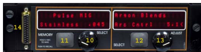
Панель специальных процессов
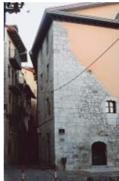
Lekeitio. Torre de Leniz.
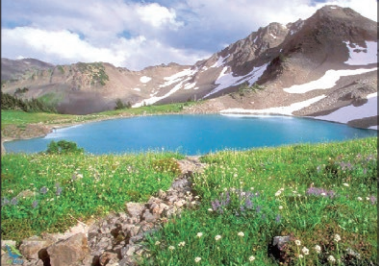
چشمه سبز گلبهار

و دین‌دار، به منطقه گلبهار آمد و دستور داد که آب چشمه گیل‌اس در ۲۳ کیلومتری این مکان را در جنگ جهانی دوم. نظامیان شوروی که از محور نمی‌توان همه آن‌ها را در این مختصر گنجانده؛ رویدادهایی مانند عبور ستون نیروهای متفقین در طی جنگ جهانی دوم. نظامیان شوروی که از محور نمی‌توان همه آن‌ها را در این مختصر گنجانده؛ رسیدن به این شهر، از منطقه گلبهار و کنار چناران عبور کردند؛ اتفاقی که می‌شود آن را در بخشی از تاریخ سرگذشت این شهر گنجانده.
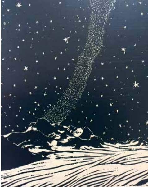
Sternennacht, houtsnede, 1916-1917.
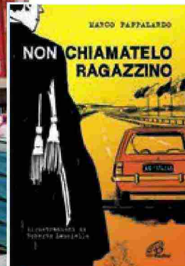
NON CHIAMATELO RAGAZZINO Di Marco Pappalardo Edizioni Paoline
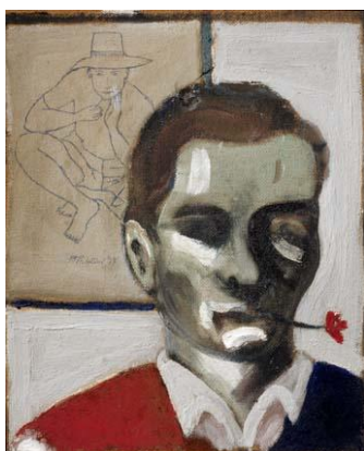
N° 11 Pier Paolo Pasolini, Selbstportrait mit Blume im Mund, 1947 42.5 x 34.5 cm, Öl auf Hartfaserplatte

+ + +

Assigned task —
Set every entry down again word for word, but not the pictures.

Your solution —
Панель специальных процессов
Lekeitio. Torre de Leniz.
چشمه سبز گلبهار

و دین‌دار، به منطقه گلبهار آمد و دستور داد که آب چشمه گیل‌اس در ۲۳ کیلومتری این مکان را در جنگ جهانی دوم. نظامیان شوروی که از محور نمی‌توان همه آن‌ها را در این مختصر گنجانده؛ رویدادهایی مانند عبور ستون نیروهای متفقین در طی جنگ جهانی دوم. نظامیان شوروی که از محور نمی‌توان همه آن‌ها را در این مختصر گنجانده؛ رسیدن به این شهر، از منطقه گلبهار و کنار چناران عبور کردند؛ اتفاقی که می‌شود آن را در بخشی از تاریخ سرگذشت این شهر گنجانده.
Sternennacht, houtsnede, 1916-1917.
NON CHIAMATELO RAGAZZINO Di Marco Pappalardo Edizioni Paoline
N° 11 Pier Paolo Pasolini, Selbstportrait mit Blume im Mund, 1947 42.5 x 34.5 cm, Öl auf Hartfaserplatte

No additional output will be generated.